# Connecting Smart Phone / tablet via vga



## A_D (May 29, 2006)

Hi,

The network kvm had a few issues recently (due to faulty cable)...tried a different one which worked fine.....awaiting replacement..
ANYWHO... My question is is there anyway to connect your tablet/smart phone to view a server's screen (im guessing by VGA). I've had issues in the past where a server would fail to respond because it hadnt restarted properly (stuck at the boot screen)...in such cases, where you don't have access to a monitor in the room to check.

Any suggestions? ...


----------



## sobeit (Nov 11, 2007)

you may be able to connect remotely without vga, see if the following is of any help.

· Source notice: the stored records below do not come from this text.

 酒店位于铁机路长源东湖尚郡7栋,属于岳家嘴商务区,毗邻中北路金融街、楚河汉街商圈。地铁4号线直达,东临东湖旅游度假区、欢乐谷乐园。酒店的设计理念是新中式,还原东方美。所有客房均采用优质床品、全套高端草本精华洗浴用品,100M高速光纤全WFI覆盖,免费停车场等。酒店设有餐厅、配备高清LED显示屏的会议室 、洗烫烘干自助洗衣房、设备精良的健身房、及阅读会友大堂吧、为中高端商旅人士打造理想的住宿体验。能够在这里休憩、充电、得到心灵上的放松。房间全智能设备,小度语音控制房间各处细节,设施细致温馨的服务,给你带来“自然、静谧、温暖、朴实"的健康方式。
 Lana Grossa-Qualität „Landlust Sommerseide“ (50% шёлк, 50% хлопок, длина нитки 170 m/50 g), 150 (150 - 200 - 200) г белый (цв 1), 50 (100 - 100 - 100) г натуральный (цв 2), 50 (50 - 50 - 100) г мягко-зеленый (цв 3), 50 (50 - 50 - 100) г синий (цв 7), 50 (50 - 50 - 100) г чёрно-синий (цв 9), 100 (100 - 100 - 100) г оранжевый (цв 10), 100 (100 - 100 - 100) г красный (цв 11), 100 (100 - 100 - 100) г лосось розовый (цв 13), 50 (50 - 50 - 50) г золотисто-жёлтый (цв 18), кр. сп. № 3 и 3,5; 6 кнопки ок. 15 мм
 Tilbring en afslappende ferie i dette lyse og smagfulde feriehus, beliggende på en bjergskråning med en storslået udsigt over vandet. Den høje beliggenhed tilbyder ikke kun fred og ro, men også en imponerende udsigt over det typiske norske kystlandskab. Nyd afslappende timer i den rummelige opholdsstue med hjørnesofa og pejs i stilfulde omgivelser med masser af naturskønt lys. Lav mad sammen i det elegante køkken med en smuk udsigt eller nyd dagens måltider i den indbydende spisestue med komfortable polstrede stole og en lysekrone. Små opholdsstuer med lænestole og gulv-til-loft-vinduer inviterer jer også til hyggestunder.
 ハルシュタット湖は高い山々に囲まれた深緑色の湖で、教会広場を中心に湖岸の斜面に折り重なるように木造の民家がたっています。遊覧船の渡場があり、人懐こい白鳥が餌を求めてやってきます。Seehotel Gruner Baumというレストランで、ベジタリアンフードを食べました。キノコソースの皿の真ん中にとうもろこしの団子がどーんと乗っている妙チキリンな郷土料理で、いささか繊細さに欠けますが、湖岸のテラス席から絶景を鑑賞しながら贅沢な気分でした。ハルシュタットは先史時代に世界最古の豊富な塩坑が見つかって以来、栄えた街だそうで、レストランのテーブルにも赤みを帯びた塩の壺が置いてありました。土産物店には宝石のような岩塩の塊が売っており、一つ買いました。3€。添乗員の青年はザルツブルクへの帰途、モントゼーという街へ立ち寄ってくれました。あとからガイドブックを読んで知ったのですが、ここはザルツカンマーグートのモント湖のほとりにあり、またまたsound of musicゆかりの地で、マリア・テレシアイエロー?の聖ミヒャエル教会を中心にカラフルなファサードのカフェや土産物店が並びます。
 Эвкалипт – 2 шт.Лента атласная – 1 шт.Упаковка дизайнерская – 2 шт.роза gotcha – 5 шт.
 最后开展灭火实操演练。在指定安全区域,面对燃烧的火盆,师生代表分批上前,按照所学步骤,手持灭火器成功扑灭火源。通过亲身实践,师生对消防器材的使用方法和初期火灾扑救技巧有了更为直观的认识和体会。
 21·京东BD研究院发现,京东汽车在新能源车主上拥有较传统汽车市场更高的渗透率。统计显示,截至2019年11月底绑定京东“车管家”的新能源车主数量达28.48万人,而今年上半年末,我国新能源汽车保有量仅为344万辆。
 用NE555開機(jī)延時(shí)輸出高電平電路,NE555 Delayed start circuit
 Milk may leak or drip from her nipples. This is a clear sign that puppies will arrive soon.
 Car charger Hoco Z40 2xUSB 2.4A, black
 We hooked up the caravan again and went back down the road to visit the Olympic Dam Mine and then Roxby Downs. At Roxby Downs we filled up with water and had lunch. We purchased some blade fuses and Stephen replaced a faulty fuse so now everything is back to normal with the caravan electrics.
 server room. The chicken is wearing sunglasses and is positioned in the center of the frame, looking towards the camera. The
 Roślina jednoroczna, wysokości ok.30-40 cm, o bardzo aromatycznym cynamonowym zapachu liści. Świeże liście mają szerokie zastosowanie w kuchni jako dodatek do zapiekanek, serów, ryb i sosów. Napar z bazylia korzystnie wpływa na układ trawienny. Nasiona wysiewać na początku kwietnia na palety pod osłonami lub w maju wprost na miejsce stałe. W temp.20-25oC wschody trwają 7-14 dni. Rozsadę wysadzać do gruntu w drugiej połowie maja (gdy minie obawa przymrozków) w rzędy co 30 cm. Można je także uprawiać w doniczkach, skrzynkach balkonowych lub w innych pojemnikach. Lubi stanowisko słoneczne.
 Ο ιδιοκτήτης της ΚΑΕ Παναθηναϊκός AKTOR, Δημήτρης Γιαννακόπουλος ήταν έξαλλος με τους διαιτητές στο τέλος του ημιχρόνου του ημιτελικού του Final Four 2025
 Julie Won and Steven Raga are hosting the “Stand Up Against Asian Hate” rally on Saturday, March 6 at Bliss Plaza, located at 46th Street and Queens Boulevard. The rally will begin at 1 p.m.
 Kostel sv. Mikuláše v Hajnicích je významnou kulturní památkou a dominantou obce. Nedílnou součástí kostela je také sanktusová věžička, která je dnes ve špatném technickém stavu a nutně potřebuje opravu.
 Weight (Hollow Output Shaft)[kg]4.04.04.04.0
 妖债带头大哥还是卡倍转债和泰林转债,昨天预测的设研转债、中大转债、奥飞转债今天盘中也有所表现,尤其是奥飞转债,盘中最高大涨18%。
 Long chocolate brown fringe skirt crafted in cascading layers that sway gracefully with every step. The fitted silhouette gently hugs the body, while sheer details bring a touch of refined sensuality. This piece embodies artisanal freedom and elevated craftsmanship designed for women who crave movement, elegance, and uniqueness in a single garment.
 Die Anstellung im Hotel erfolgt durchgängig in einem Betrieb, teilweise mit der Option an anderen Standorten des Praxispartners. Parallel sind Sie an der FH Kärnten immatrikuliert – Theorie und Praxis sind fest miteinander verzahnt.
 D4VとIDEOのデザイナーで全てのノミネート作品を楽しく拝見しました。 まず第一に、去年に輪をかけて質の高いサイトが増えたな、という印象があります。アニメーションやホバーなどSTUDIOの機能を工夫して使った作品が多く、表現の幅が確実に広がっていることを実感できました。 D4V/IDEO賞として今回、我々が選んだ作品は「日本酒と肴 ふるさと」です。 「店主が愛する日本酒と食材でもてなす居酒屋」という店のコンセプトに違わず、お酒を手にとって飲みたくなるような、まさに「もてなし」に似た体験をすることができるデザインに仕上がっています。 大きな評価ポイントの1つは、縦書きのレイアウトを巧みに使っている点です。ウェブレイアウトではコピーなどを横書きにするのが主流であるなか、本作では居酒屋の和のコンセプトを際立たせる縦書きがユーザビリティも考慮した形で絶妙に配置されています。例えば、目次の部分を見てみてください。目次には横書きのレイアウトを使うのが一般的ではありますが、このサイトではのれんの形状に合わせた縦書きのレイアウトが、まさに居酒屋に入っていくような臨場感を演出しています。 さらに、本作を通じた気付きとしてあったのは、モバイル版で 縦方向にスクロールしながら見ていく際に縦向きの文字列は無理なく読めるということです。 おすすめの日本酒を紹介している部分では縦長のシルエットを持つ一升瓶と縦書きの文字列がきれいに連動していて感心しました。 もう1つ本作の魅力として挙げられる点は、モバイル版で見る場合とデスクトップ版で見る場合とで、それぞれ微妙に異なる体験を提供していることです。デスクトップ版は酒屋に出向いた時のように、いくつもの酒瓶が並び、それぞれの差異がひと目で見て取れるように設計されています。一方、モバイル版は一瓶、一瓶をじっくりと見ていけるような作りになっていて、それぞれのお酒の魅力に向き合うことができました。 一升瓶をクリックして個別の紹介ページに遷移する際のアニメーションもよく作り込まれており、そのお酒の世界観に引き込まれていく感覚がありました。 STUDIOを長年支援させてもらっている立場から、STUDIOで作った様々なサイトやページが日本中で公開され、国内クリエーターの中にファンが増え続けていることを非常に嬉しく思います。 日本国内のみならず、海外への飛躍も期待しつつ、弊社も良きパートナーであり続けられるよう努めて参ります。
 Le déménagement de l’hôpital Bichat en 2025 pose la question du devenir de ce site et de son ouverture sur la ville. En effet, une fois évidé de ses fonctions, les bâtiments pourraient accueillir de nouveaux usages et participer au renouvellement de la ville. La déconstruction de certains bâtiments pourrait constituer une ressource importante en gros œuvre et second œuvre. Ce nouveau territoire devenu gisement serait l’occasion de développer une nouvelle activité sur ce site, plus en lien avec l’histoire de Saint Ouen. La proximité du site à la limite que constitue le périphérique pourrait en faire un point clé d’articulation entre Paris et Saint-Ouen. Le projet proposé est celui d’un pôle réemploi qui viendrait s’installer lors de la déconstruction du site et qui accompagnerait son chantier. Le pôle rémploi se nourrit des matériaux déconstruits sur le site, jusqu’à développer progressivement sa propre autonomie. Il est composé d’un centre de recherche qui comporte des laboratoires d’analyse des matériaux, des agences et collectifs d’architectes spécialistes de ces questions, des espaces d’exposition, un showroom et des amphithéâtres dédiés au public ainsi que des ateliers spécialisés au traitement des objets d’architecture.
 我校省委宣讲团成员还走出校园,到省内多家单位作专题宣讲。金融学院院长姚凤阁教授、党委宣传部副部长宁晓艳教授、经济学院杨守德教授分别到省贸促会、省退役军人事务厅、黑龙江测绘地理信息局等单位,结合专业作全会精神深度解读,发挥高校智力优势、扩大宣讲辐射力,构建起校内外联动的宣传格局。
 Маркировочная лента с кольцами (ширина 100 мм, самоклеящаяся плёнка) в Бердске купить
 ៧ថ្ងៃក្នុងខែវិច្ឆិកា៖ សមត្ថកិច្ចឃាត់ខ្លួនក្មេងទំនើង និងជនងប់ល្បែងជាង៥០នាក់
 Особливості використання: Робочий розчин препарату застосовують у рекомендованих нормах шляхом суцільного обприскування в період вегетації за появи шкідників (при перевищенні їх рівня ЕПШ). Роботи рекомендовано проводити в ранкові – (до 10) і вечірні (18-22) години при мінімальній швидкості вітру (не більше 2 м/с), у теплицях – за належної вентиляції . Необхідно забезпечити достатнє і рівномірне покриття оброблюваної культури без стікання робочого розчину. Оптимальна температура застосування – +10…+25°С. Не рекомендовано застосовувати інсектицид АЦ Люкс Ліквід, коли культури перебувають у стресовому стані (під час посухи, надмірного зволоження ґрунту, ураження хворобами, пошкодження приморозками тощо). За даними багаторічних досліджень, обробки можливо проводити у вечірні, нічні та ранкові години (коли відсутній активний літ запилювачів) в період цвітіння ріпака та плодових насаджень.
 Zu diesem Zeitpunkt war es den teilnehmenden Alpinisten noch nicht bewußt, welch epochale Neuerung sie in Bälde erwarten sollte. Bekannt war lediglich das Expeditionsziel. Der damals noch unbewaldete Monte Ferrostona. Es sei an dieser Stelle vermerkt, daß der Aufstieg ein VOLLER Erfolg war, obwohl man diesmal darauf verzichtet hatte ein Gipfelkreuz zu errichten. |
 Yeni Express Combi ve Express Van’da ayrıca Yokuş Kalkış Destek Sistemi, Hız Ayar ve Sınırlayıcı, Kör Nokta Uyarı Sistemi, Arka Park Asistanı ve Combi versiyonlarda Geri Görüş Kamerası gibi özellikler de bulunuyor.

How to Access a Windows Desktop From Your Tablet or Phone


----------



## A_D (May 29, 2006)

the above only allows for connection provided there is a network connection. I understand this would work for me only because i have a network KVM installed. I just thought someone could point me in the direction of a physical cable as not all of our servers are on the KVM


----------



## 2xg (Aug 5, 2009)

Hi there,

If you need to project your Tablet or even a laptop into a computer monitor you may try a VGA adapter that's similar to this one. But you need the opposite, the only thing that I'd suggest and also practical is to have a spare VGA cable to connect to your Server's monitor to that you won't have to unplug any VGA cables connected to the KVM.

Another thing.... might be good to have a spare cable. :grin:


> The network kvm had a few issues recently (due to faulty cable)...tried a different one which worked fine.....awaiting replacement..


----------



## JimE (Apr 16, 2009)

Phones and tablets don't have video inputs. They have video outputs, usually HDMI. 

Unless I misread what you are trying to do. Keep a spare monitor on hand. A small 17" LCD is easily portable.


----------